Now, the decision for granting bail or granting parole I should say, to a person who has been convicted of a state offence and is in a state prison, is ultimately a decision for the state government. Now if it chooses to have a parole board to do that, then it is a decision for the parole board but ultimately it's the responsibility of that State Government.

But all of the information about a prisoner's antecedents, are all available through the JCTT, through to the state police and then through to the body making the decision about parole.

But I can assure you that my commitment is to work as closely as possible with state governments.

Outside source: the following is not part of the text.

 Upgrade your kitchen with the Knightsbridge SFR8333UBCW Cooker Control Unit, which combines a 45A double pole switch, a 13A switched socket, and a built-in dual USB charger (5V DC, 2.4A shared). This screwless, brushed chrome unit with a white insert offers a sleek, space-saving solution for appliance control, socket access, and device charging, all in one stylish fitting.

We have very, very close collaboration and that is why we have been able to prevent 12 terrorist attacks and arrest 63 persons on terrorist charges since September 2014.

JOURNALIST:

What about the news the UK will be heading for a hung parliament?

PRIME MINISTER:

Few things should surprise you in politics in the 21st century but I will leave the commentary to experts like yourself.

JOURNALIST:

Prime Minister do you support the idea of having federal prisons for terrorists?

PRIME MINISTER:

That is an idea that hasn't been raised with me. We have a system that is working at the moment in terms of incarceration.

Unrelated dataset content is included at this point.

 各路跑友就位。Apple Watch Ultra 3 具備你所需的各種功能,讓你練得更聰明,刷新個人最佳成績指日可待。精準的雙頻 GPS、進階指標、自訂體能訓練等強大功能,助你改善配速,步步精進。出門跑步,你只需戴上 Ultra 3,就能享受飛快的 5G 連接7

What is critical is that people who are a threat to Australians are not out on the streets.

Let me be very clear, if you have someone who has terrorist sympathies and who has a propensity to violence, every day they are not on the street is a good day, it is a good day.

And so we want to ensure that people with those characteristics are not out on the streets.

Now, that is why I look forward to the First Ministers today agreeing that there will be a strong presumption against bail or parole for persons who have shown support for or have had links to terrorism or violent extremism.

The critical thing is to protect the public, is to protect the safety of Australians. That is what Australians expect their leaders, here assembled in Hobart, to agree to do.

So that’s our job, to provide the security and the assurance that Australians need.

JOURNALIST:

What did you make of Saudi Arabia not observing the minute's silence in Adelaide last night for the victims of the London terror attack?

PRIME MINISTER:

Well I haven't seen the video - it was just raised with me on the way here.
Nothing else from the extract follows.